Soybean farmers and Chinese retaliation (2018–19): China tariffed American soybeans in retaliation for U.S. tariffs. U.S. soybean prices fell 30–40%; farmers' incomes fell. Soybean exports to China collapsed from 14 million tons (2017) to 6 million tons (2018). The Trump administration provided $28 billion in farm subsidies over 2018–20, largely funded by tariff revenue. This transfer was politically necessary to prevent farm revolt but economically inefficient—it created government expense without replacing lost export markets.

Washing machine and solar tariffs (2018): The Trump administration imposed 20–50% tariffs on imported washing machines and solar panels to protect domestic makers.
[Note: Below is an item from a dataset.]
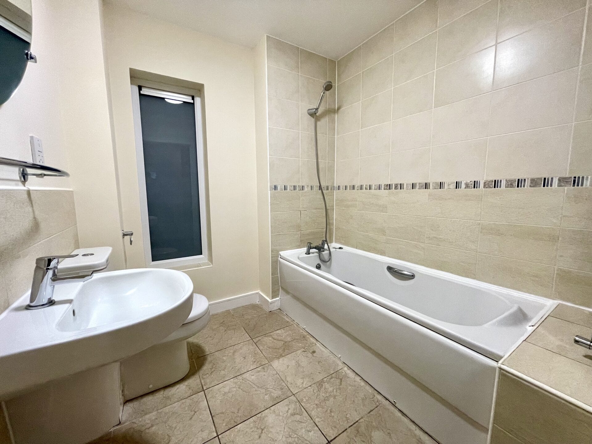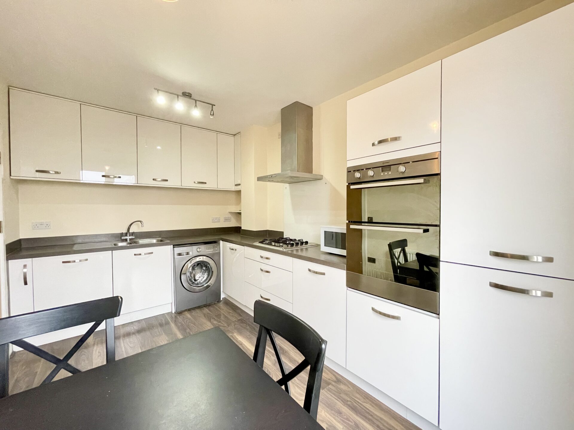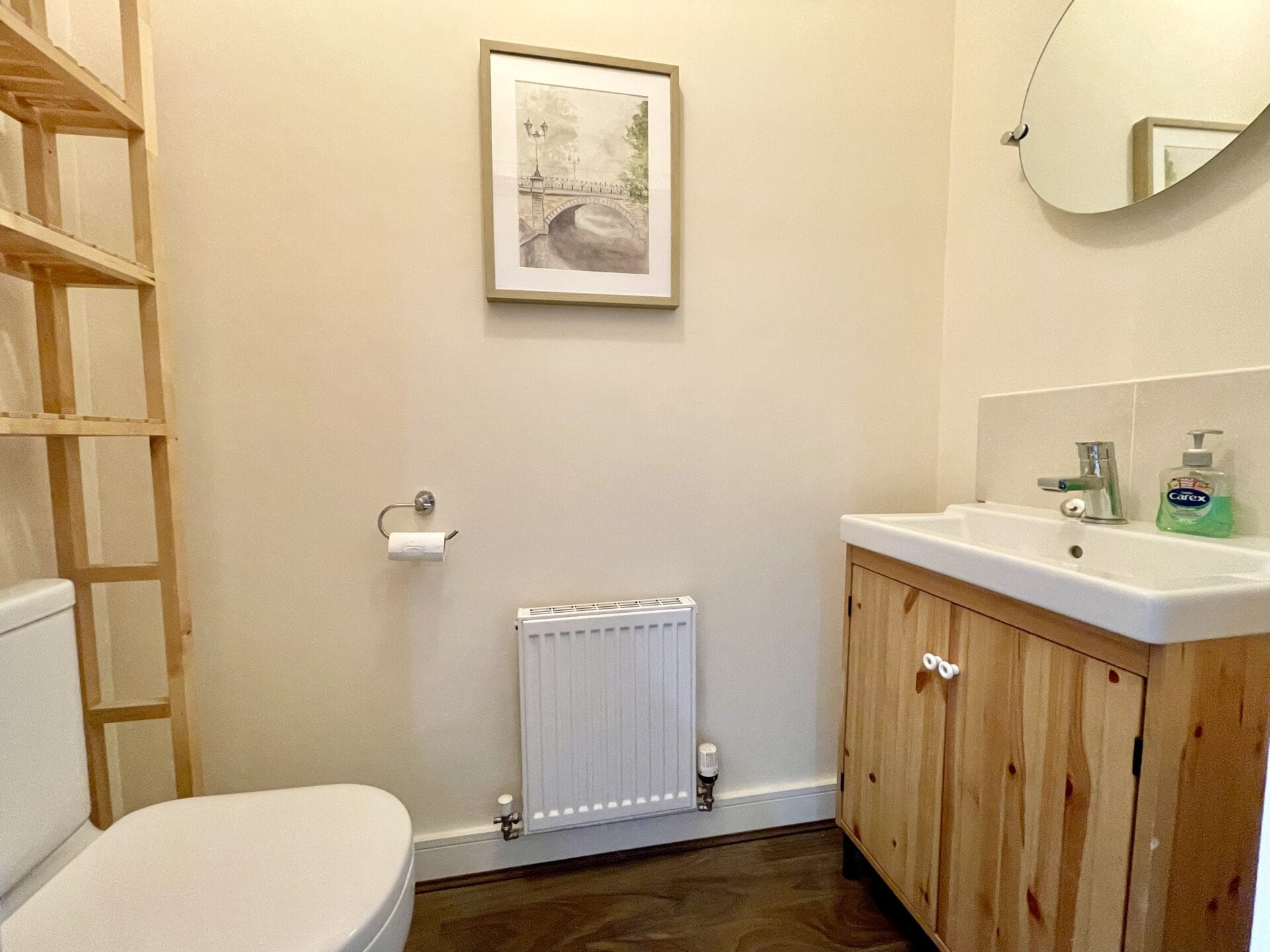 The ground floor comprises a spacious, fully fitted kitchen complete with oven, hob, fridge freezer and dishwasher, as well as a convenient downstairs WC. To the rear, the property benefits from a private, secluded garden, ideal for outdoor relaxation.

Prices for consumers rose; appliance makers faced higher input costs. A washing machine that cost $500 cost $600+. The tariffs preserved some manufacturing jobs in these sectors but at high cost to consumers and downstream industries.
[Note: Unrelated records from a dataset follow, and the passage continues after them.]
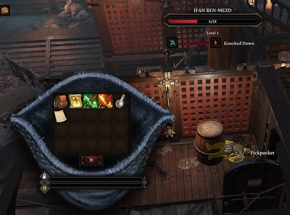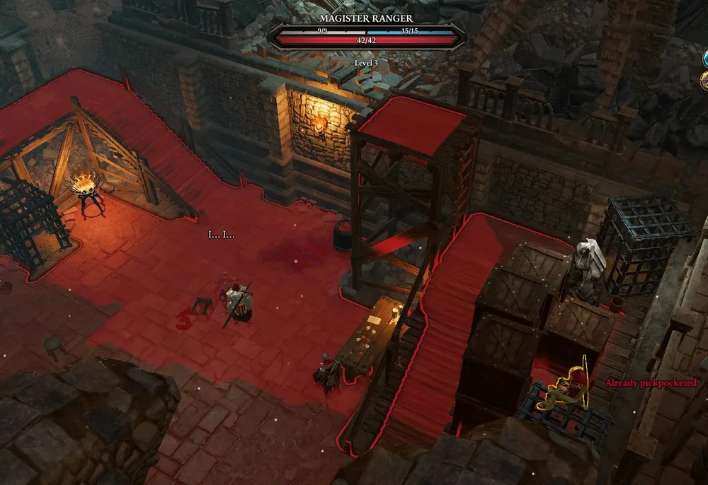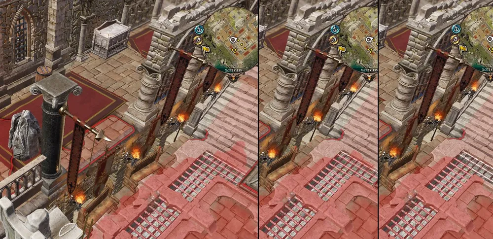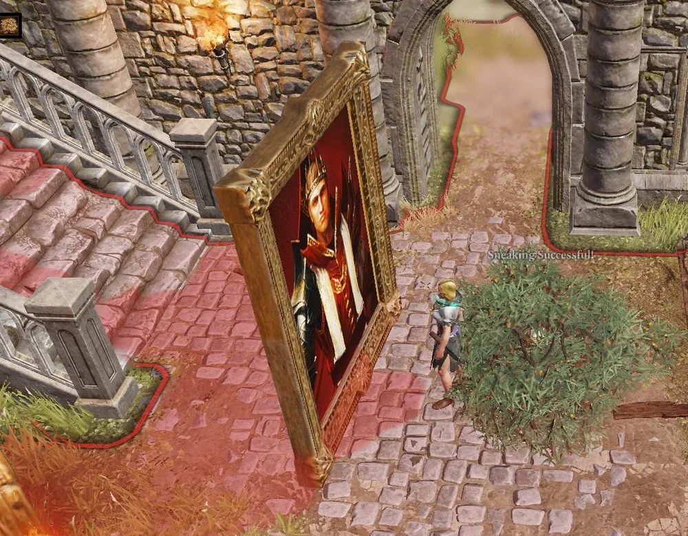 Клептоман в моём лице был одержим идеей ограбить стражников (они охраняют эльфийку, над которой проводят ритуал), но мешали пристальные взгляды троих магов, стоящих на возвышении. Предметы, повышающие способность скрытности, я отыскал уже после ухода с территории форта. Каково же было моё удивление, когда оказалось, что повышая скрытность, я всего лишь укорачиваю поле зрения врагов,
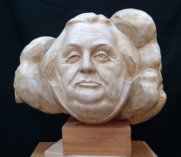 Изделие изготовлено из древесины с применением техники резьбы по дереву. Резьба позволяет детально передать текстуру материала, особенности черт лица и сохранить природные свойства древесины.
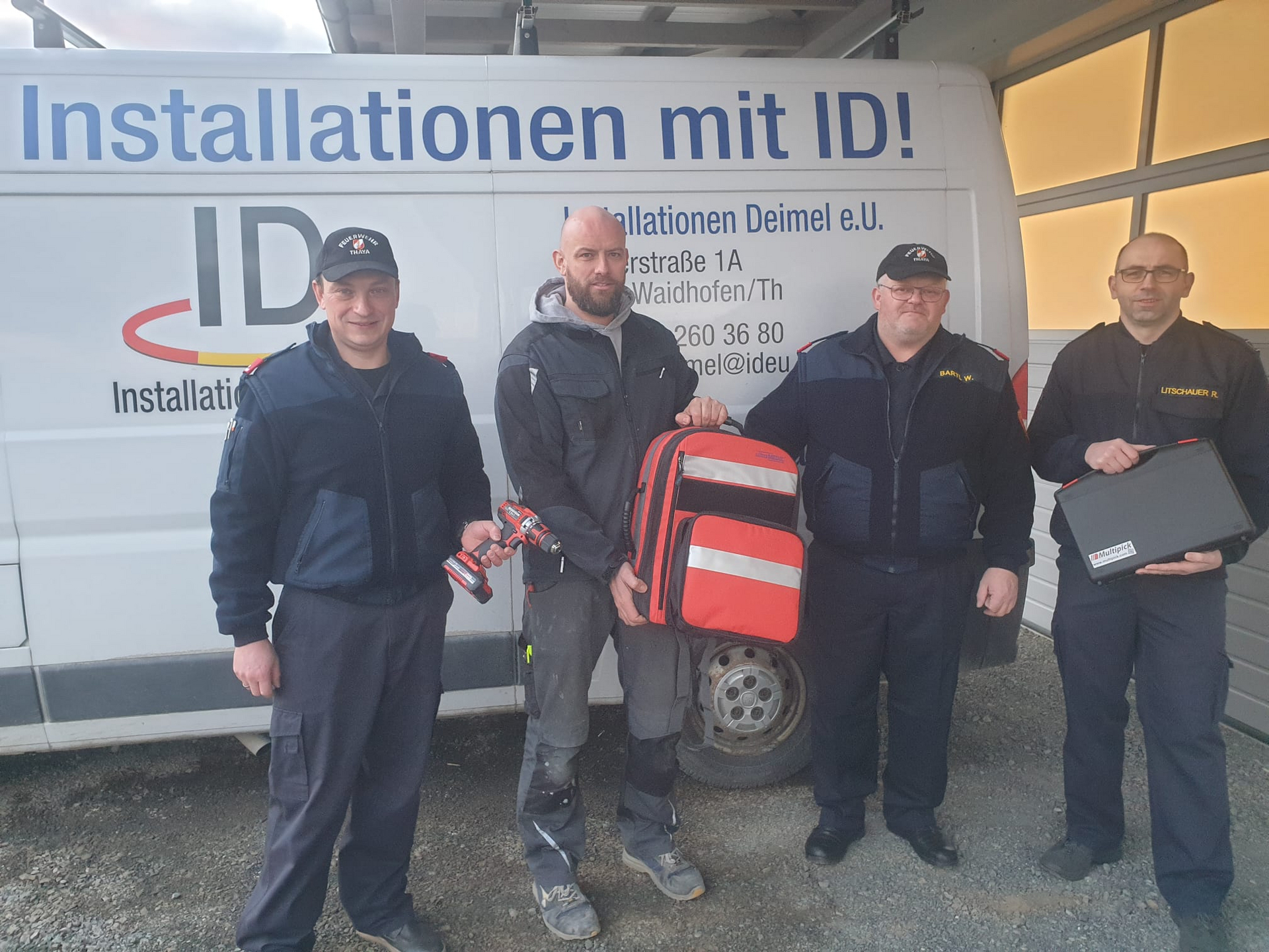 Die Feuerwehr Thaya bedankt sich für die Spende in Höhe von 250€ bei der Firma Installationen Deimel für den Ankauf eines Türöffnungsrucksack.
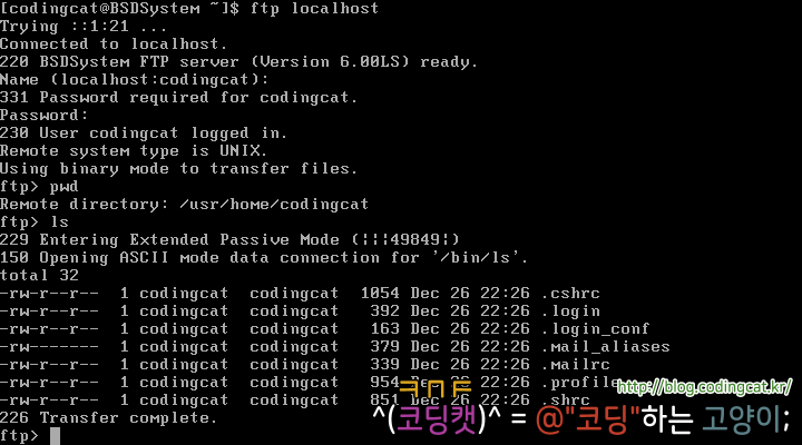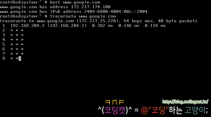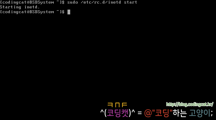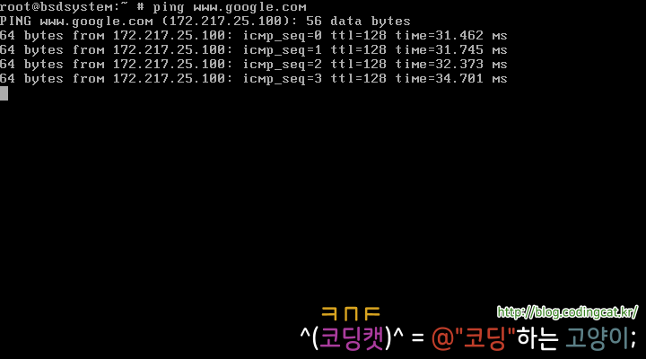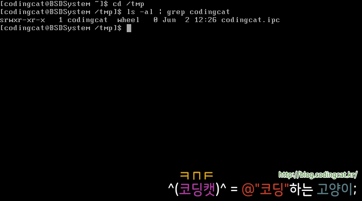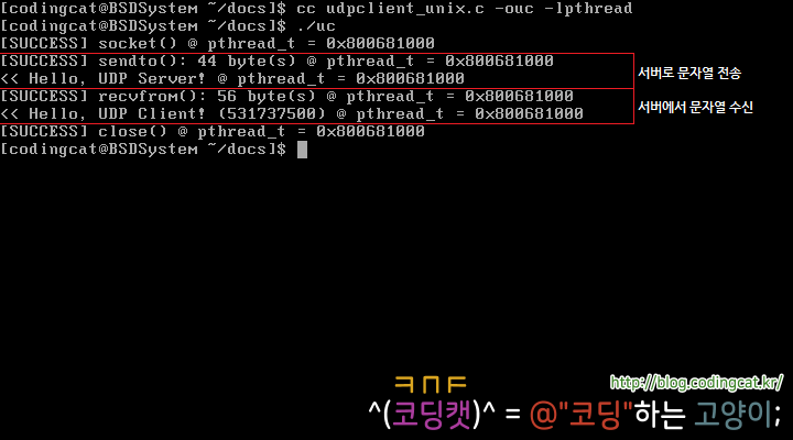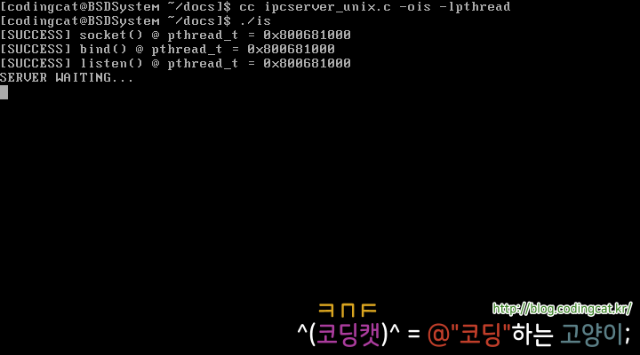 위 소스 코드를 FreeBSD에서는 다음과 같이 컴파일한 후 실행할 수 있다.

Auto sector supply-chain disruption (2018–20): U.S. autos are heavily integrated in North American supply chains, with parts crossing the border multiple times. Steel and aluminum tariffs raised input costs for auto makers; Chinese component tariffs did the same. Auto makers responded with automation and selective price increases. Auto employment fell slightly; prices rose modestly.
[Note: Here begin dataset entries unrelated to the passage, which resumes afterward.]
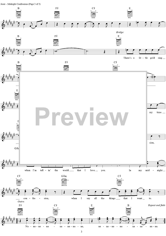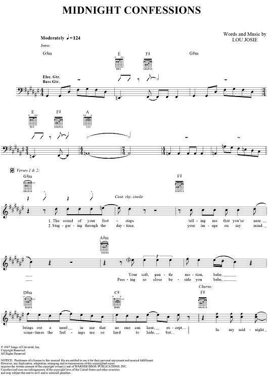Digital Sheet Music for Midnight Confessions by The Grass Roots, Lou Josie scored for Guitar Tab/Vocal; id:303171
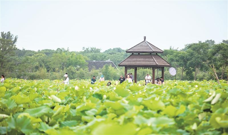 小长假期间,锡城乡村休闲游人气火热,正值荷花初放,不少市民来到荷塘边赏花留影。(宗晓东 摄)
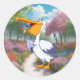 Adesivo Redondo Pelicano de desenho animado bonito com peixes, pás
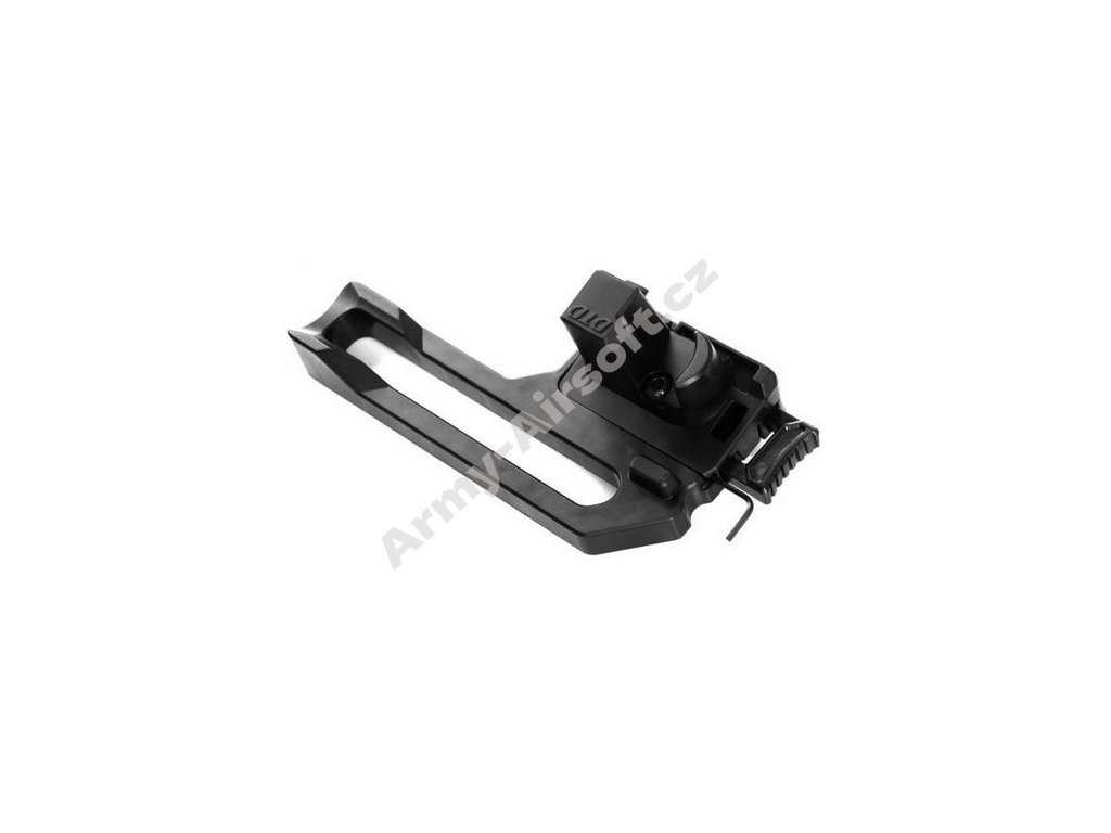Modulární montáž: Pouzdro je kompatibilní s většinou 1-šroubových otočných montážních systémů (360°), včetně platform Novritsch, Amomax a dalších. K použití je nutný montážní adaptér (např. pádlový adaptér, klip na opasek, MOLLE adaptér nebo stehenní platforma – prodává se samostatně).

Pork exports and Chinese retaliatory tariffs (2018–19): China tariffed U.S. pork in retaliation. U.S. pork exports fell sharply; prices fell. But China simultaneously purchased more pork from the EU and Brazil at higher prices, indicating the tariff was punitive (China sacrificed cheaper U.S. pork for more expensive alternatives to harm U.S. farmers). This "own-goal" by China illustrates the mutual damage of trade wars.

Summary

Trade wars occur when protectionist pressure overcomes economic logic, leading nations into tariff escalation from which neither can unilaterally escape. The 2018–2020 U.S.-China trade war exemplified this dynamic: political pressure for protection and geopolitical rivalry motivated initial U.S. tariffs; China retaliated; both sides escalated; both economies lost. The U.S. imposed tariffs on $370 billion of Chinese goods; China retaliated on $110 billion of U.S. exports. Estimated real-income losses reached $42 billion annually for the U.S. and comparable magnitudes for China. The trade war was smaller than Smoot-Hawley but followed the same pattern: concentrated benefits to protected industries; diffuse costs to consumers and export-competing industries; mutual economic loss. Trade wars persist because backing down politically signals weakness, trapping both sides in a harmful equilibrium. Coordinated negotiations, as in the "Phase One" deal, offer partial de-escalation but rarely fully resolve underlying tensions. Understanding trade-war economics clarifies why economists oppose tariffs as policy tools: they may solve local political problems but destroy overall prosperity. Prevention requires institutions (like the WTO) that can coordinate simultaneous tariff reductions and enforce commitments, so neither side fears unilateral disarmament.